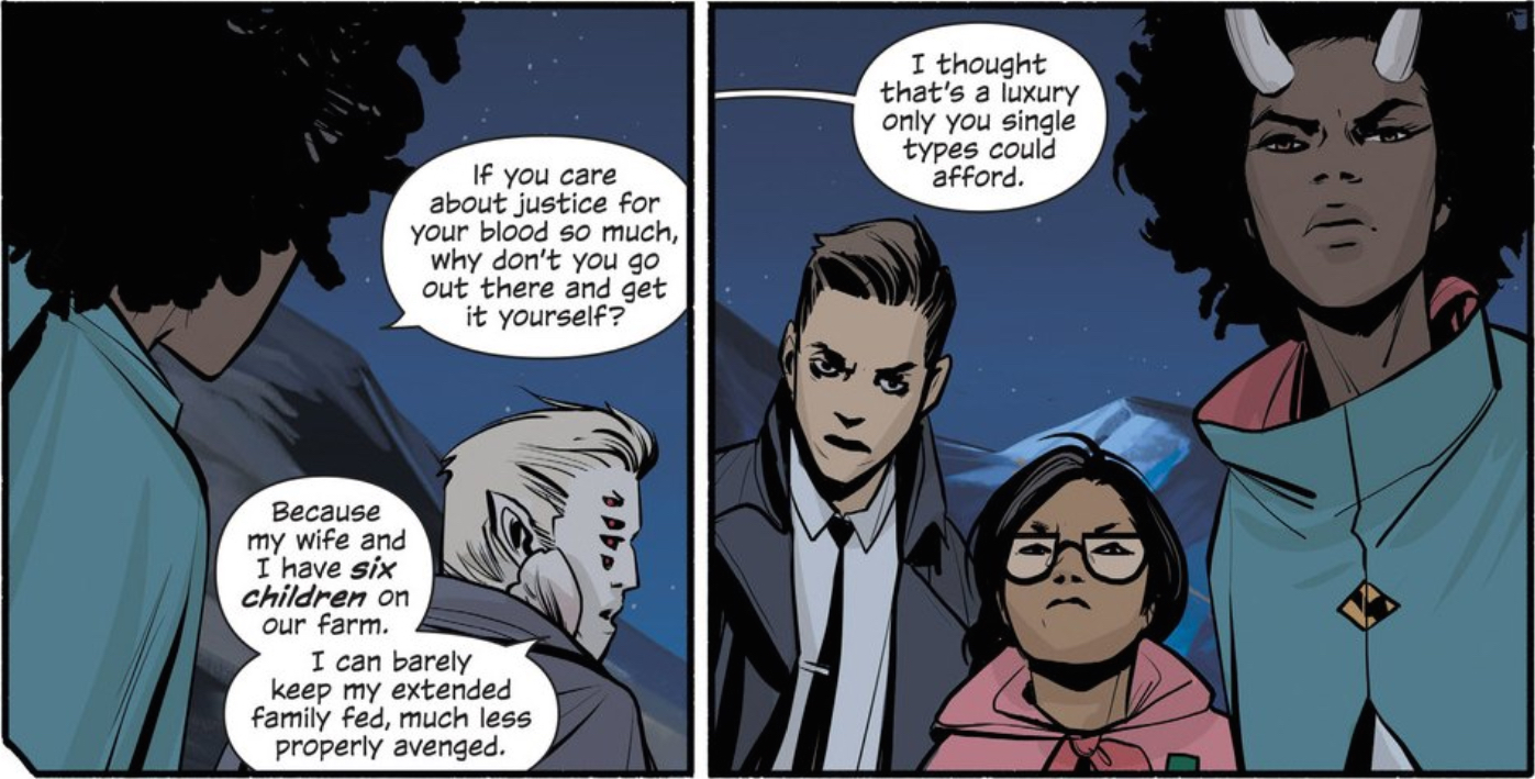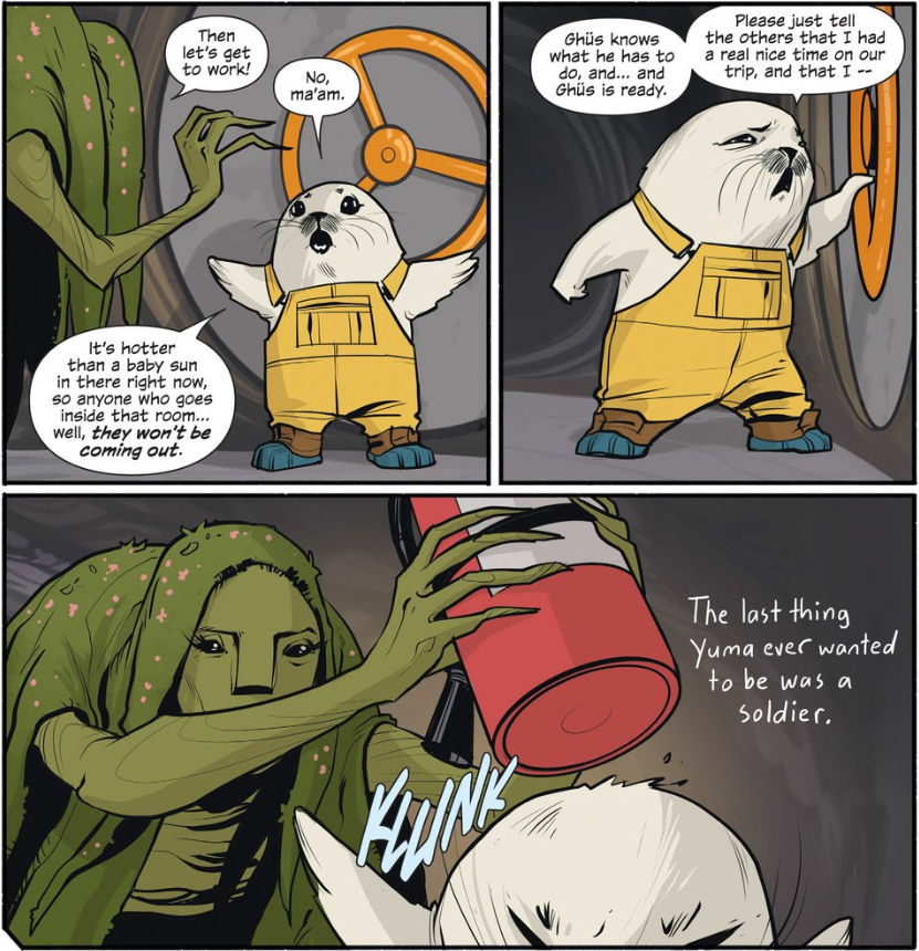 The most unlikely of families, though, is that of Marko, Prince Robot IV, Ghüs, and Yuma, who find themselves suddenly under fire from the Robot Kingdom. Their interests here align logically — they all want to survive — but Vaughan throws an unlikely wrinkle when somebody needs to sacrifice themselves to repair the engine. Marko and Prince Robot are out — they stay on the bridge because they both have combat experience, but maybe also because, like Halvor, they have kids to think about — which leaves it to Ghüs and Yuma. Ghüs is ready to make the ultimate sacrifice (because Vaughan and Staples can’t go an issue without Ghüs melting our collective heart), but Yuma, still feeling guilty over Marko’s bad trip, knocks him out to do it herself.
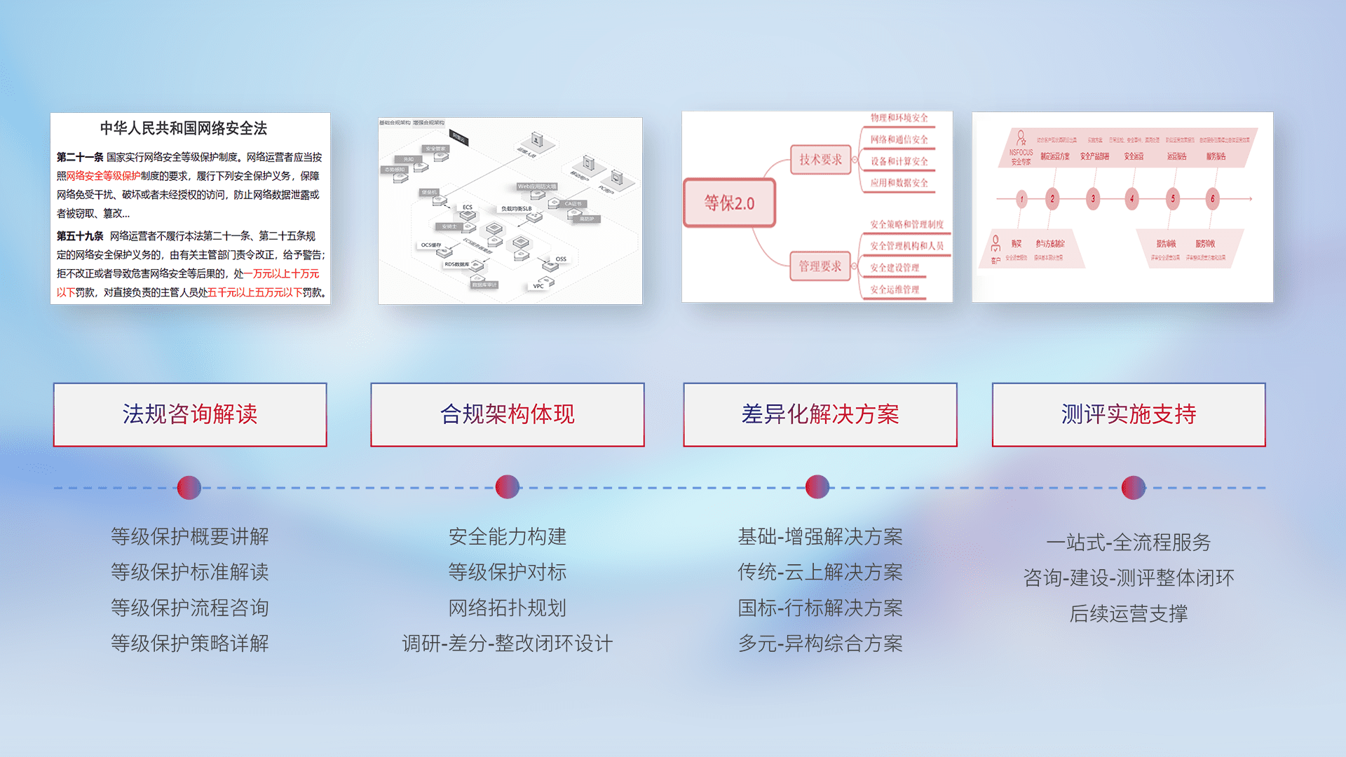 通过专业的法律咨询解读、、合规架构体现、、、差异化解决方案、、测试实施支持等服务,,,为客户量身打造等保合规体系。。。。
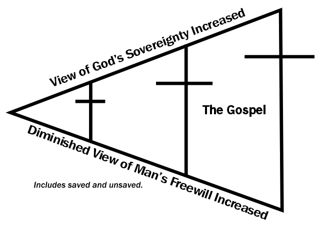 We have established that sovereign would be the wrong word to describe God as causing all that happens, and those things being according to His desired will. It has also been mentioned that the word “sovereign” is not in the Bible. Even if sovereign did mean that all things are predetermined according to God’s pleasure, would it be correct to make that part and parcel with the gospel as most do in our day? Below is yet another version of the infamous Cross Chart that can be applied to this question:

> _GOAL OF THE EXERCISE_
When you return the listing, keep each line exact and leave the pictures out.

> _SOLUTION TO THE EXERCISE_
 The most unlikely of families, though, is that of Marko, Prince Robot IV, Ghüs, and Yuma, who find themselves suddenly under fire from the Robot Kingdom. Their interests here align logically — they all want to survive — but Vaughan throws an unlikely wrinkle when somebody needs to sacrifice themselves to repair the engine. Marko and Prince Robot are out — they stay on the bridge because they both have combat experience, but maybe also because, like Halvor, they have kids to think about — which leaves it to Ghüs and Yuma. Ghüs is ready to make the ultimate sacrifice (because Vaughan and Staples can’t go an issue without Ghüs melting our collective heart), but Yuma, still feeling guilty over Marko’s bad trip, knocks him out to do it herself.
 通过专业的法律咨询解读、、合规架构体现、、、差异化解决方案、、测试实施支持等服务,,,为客户量身打造等保合规体系。。。。
 We have established that sovereign would be the wrong word to describe God as causing all that happens, and those things being according to His desired will. It has also been mentioned that the word “sovereign” is not in the Bible. Even if sovereign did mean that all things are predetermined according to God’s pleasure, would it be correct to make that part and parcel with the gospel as most do in our day? Below is yet another version of the infamous Cross Chart that can be applied to this question:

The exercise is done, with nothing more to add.